Where It Goes in the Flow


Stl.Pedals should come after any routing or Divert nodes (so the voice has already been sent to the correct flow), but before PlayEvent (so the pedal node can intercept the NoteOff before the sound is stopped).

In a flow with routing:

ivls.register_node(my_sustain_flow, MyModifier)
ivls.register_node(my_sustain_flow, Stl.Pedals)
ivls.register_node(my_sustain_flow, MyPlayEvent)

If you place Stl.Pedals after PlayEvent, it won't be able to intercept the NoteOff in time to keep the note alive.

How It Works (Briefly)


On NoteOn, the pedal node passes the voice through normally (via ivls.pass()). If the sustain pedal happens to be down, it also reparents the voice into a runtime -- a special container that keeps the voice alive independently of the original key press.

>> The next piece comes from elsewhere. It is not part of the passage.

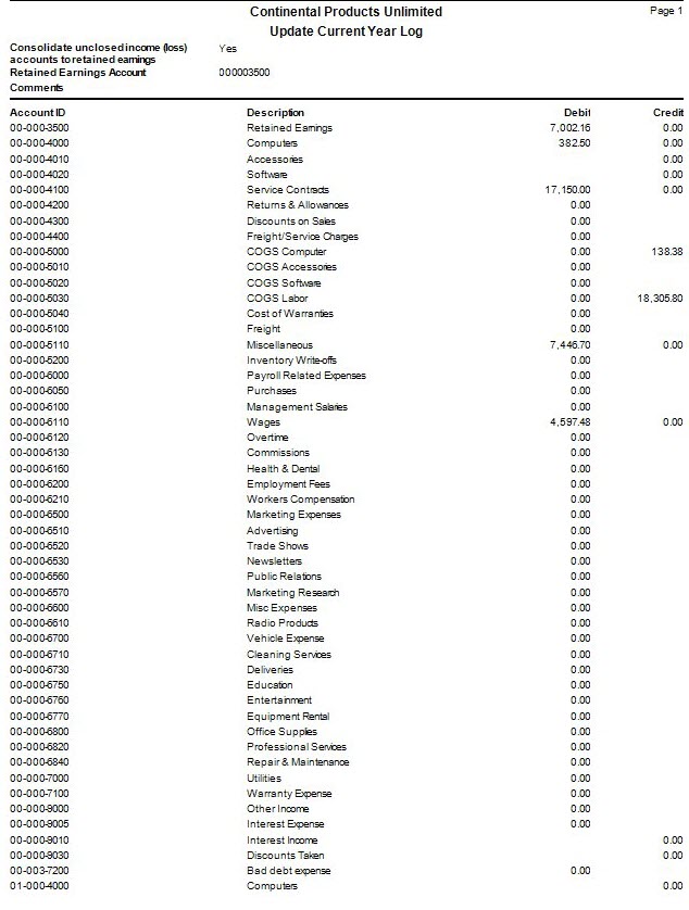 After you clear and close the revenue and expense accounts for a company, use the Update Current Year function to transfer the ending balances from last year to the beginning balances of the current-year. You have the option of consolidating unclosed income/loss into a single retained earnings account, or you can use the Clear To account as defined for each account.

On NoteOff, the pedal node checks if it's currently holding the voice. If it is, it simply marks the key as released but does not release the voice. The voice continues playing.

When the sustain pedal is lifted (CC 64 goes below the threshold), the node releases all voices it was holding at once. If a key was pressed again while the pedal was down, that voice gets restored to its normal parent instead of being released.

The internal mechanics of runtimes and voice reparenting are covered in Unit 5 - Voice Mechanics. For now, you don't need to understand them -- Stl.Pedals handles everything behind the scenes.

Sostenuto


Sostenuto (CC 67) works similarly to sustain, but with one key difference: it only holds notes that are already being played at the moment the pedal is pressed. Notes played after the sostenuto pedal goes down are not affected.

Stl.Pedals handles both pedal types in a single node. If both pedals are active simultaneously, the node correctly manages the interaction between them -- sostenuto takes priority over sustain for notes it's holding.


With pedal support in place, your instrument now has a complete basic playback system: keymaps route notes into flows, voices travel through modifier nodes, pedals manage note lifetimes, and PlayEvent triggers the audio. From here, the guide moves on to building the rest of your instrument's features.